Rapid viral metagenomics using SMART-9N amplification and nanopore sequencing

Abstract

Emerging and re-emerging viruses are a global health concern. Genome sequencing as an approach for monitoring circulating viruses is currently hampered by complex and expensive methods. Untargeted, metagenomic nanopore sequencing can provide genomic information to identify pathogens, prepare for or even prevent outbreaks. SMART (Switching Mechanism at the 5' end of RNA Template) is a popular approach for RNA-Seq but most current methods rely on oligo-dT priming to target polyadenylated mRNA molecules. We have developed two random primed SMART-Seq approaches, a sequencing agnostic approach 'SMART-9N' and a version compatible rapid adapters available from Oxford Nanopore Technologies 'Rapid SMART-9N'. The methods were developed using viral isolates, clinical samples, and compared to a gold-standard amplicon-based method. From a Zika virus isolate the SMART-9N approach recovered 10kb of the 10.8kb RNA genome in a single nanopore read. We also obtained full genome coverage at a high depth coverage using the Rapid SMART-9N, which takes only 10 minutes and costs up to 45% less than other methods. We found the limits of detection of these methods to be 6 focus forming units (FFU)/mL with 99.02% and 87.58% genome coverage for SMART-9N and Rapid SMART-9N respectively. Yellow fever virus plasma samples and SARS-CoV-2 nasopharyngeal samples previously confirmed by RT-qPCR with a broad range of Ct-values were selected for validation. Both methods produced greater genome coverage when compared to the multiplex PCR approach and we obtained the longest single read of this study (18.5 kb) with a SARS-CoV-2 clinical sample, 60% of the virus genome using the Rapid SMART-9N method. This work demonstrates that SMART-9N and Rapid SMART-9N are sensitive, low input, and long-read compatible alternatives for RNA virus detection and genome sequencing and Rapid SMART-9N improves the cost, time, and complexity of laboratory work.

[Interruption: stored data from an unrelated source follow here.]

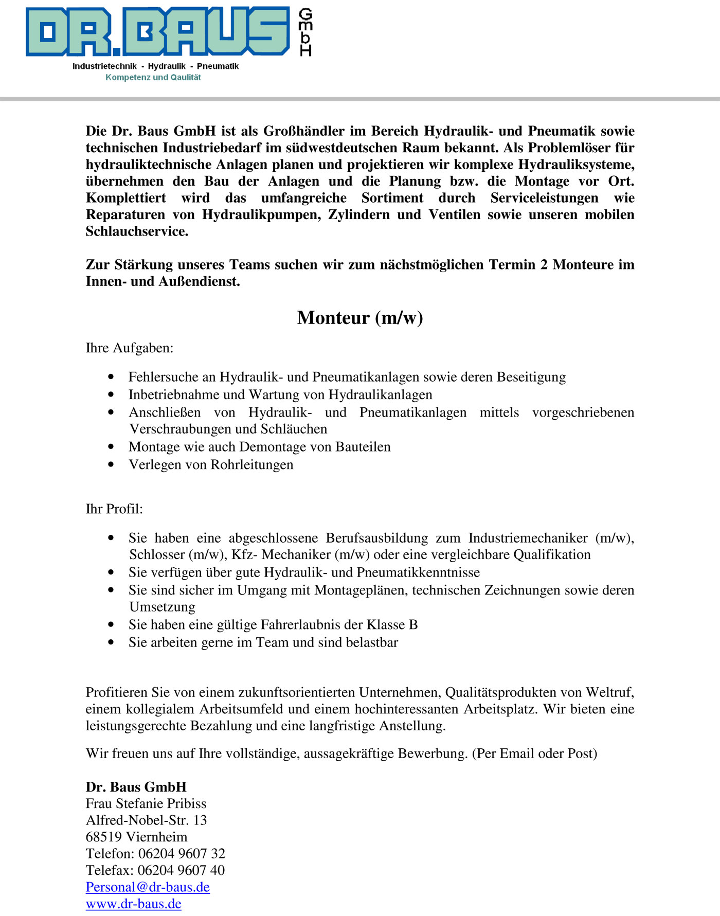 Aktuelle Stellenausschreibung
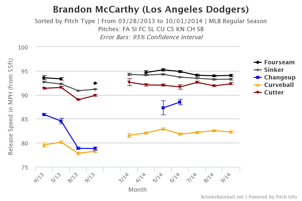 Pitch selection wasn’t the only major difference for McCarthy last season. Here’s a chart outlining his average velocity per pitch on a monthly basis from 2013-14:
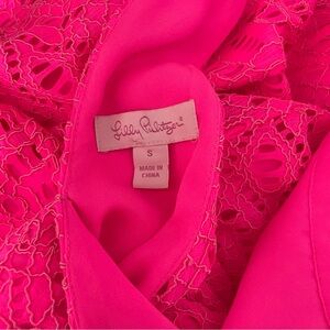 Lilly Pulitzer Quinn Mini Swing Dress Womens Small Hot Pink Halter Knotty Lace
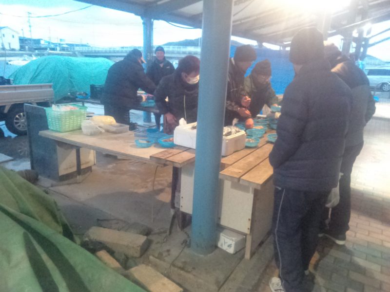 さて、私 約1名は、結構寒い中早起きして津屋崎漁港に行きました。
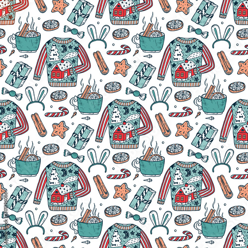 Merry christmas and happy new year greeting card and background template. Winter holiday vector illustration in vintage style. Christmas tree and toys, santa claus. 2021 new year hand drawn poster.
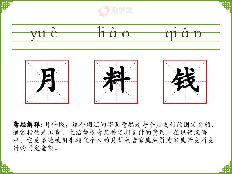月料钱:这个词汇的字面意思是每个月支付的固定金额,通常指的是工资、生活费或者某种定期支付的费用。在现代汉语中,它更多地被用来指代个人的月薪或者家庭成员为家庭开支所支付的固定金额。
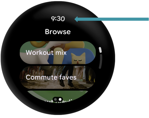 TimeTextwhich uses curved text under the hood and gives developers an easy way to show the time without placing the composable or having to do any work with time related classes. Additionally, the Material Guidelines recommend that you display the time at the top of any screen within the app and it fades away while scrolling. - A
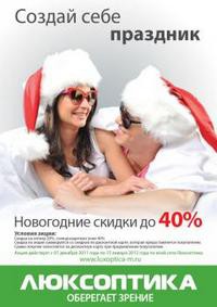 С 1 декабря 2011 г. по 15 января 2012 г. в оптике «Люксоптика» действуют новогодние скидки: на оптику – 20%, на солнцезащитные очки – 40%.
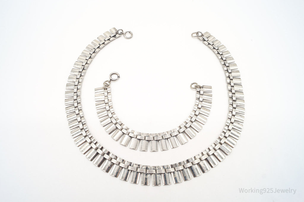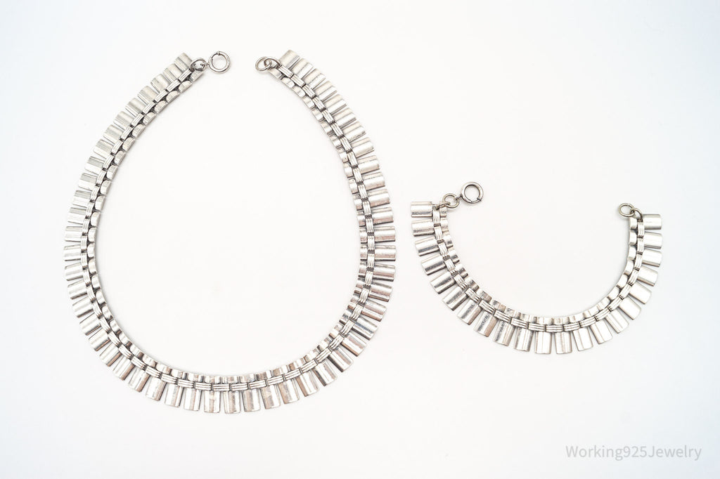 Antique Modernist Link Sterling Silver Necklace & Bracelet Set
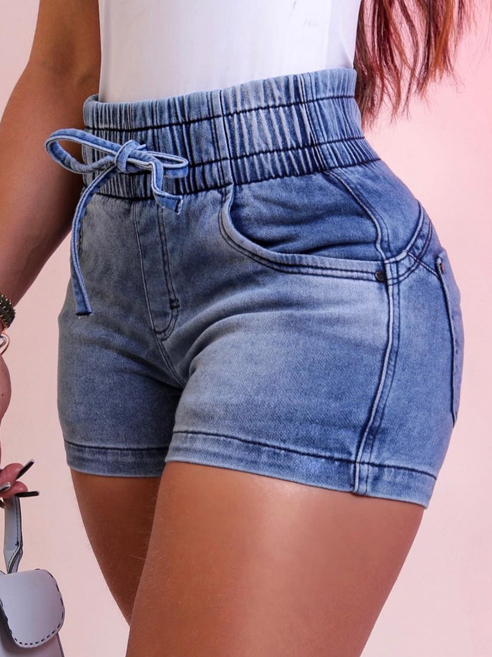 Looking for comfortable and stylish shorts for everyday wear? Look no further than our Casual Elastic Waist Lace-Up Denim Shorts! Featuring a practical elastic waist and trendy lace-up design, these shorts offer both convenience and fashion-forward style. And with their high cost-performance ratio, you won't find a better deal!
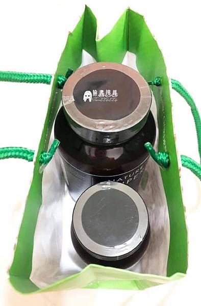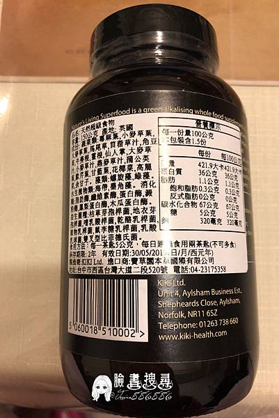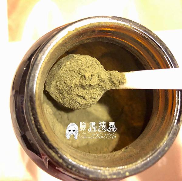 綠色鹼性保健品,產品內包括海帶、微藻、酶和人工培養箘,精選32種主要成分經冷壓處理。

Keywords: RNA virus; SARS-CoV-2; YFV; ZIKV; diagnostic; genomic surveillance; metagenomic; nanopore sequencing.

Figure 1.. Comparison between the steps and cost of the workflows – tiling amplicon sequencing – Multiplex PCR, SMART-9N, and Rapid SMART-9N.

Abbreviations: SSP: Strand Switching Primer. US$, American dollar.

Figure 2.. Comparison of multiplex PCR, SMART-9N, and Rapid SMART-9N approaches.

A) Genome coverage of ZIKV genome for reference material as to coverage of reads mapped to the genome reference position comparing the multiplex PCR, SMART-9N, and Rapid SMART-9N approaches. B) Limit of detection of the SMART-9N and Rapid SMART-9N methods analyzing the proportions of reads mapping to the appropriate reference viral sequence across a range of sample input (FFU/mL) on the left plot and percentage of the reference genome sequenced to a minimum depth of 20-fold in the data generated across a range of sample input (FFU/mL) on the right plot.

Figure 3.. Comparison of multiplex PCR, SMART-9N, and Rapid SMART-9N results for YFV clinical samples.

A) Average genome coverage depth and 95% of reads mapped to the genome reference position. B) Proportion of reads mapping to the reference genome across a range of Ct -values (left) and percentage of the reference genome sequenced to a minimum depth of 20-fold across a range of Ct -values (right). C) N50 of each sample in bp. (n=7 samples).

Figure 4.. Comparison of multiplex PCR, and Rapid SMART-9N results for SARS-CoV-2 clinical samples.

A) Average genome coverage depth and 95% of reads mapped to the genome reference position. B) Proportion of reads mapping to the reference genome across a range of Ct -values (left) and percentage of the reference genome sequenced to a minimum depth of 20-fold across a range of Ct -values (right). C) N50 of each sample in bp. (n=10 samples).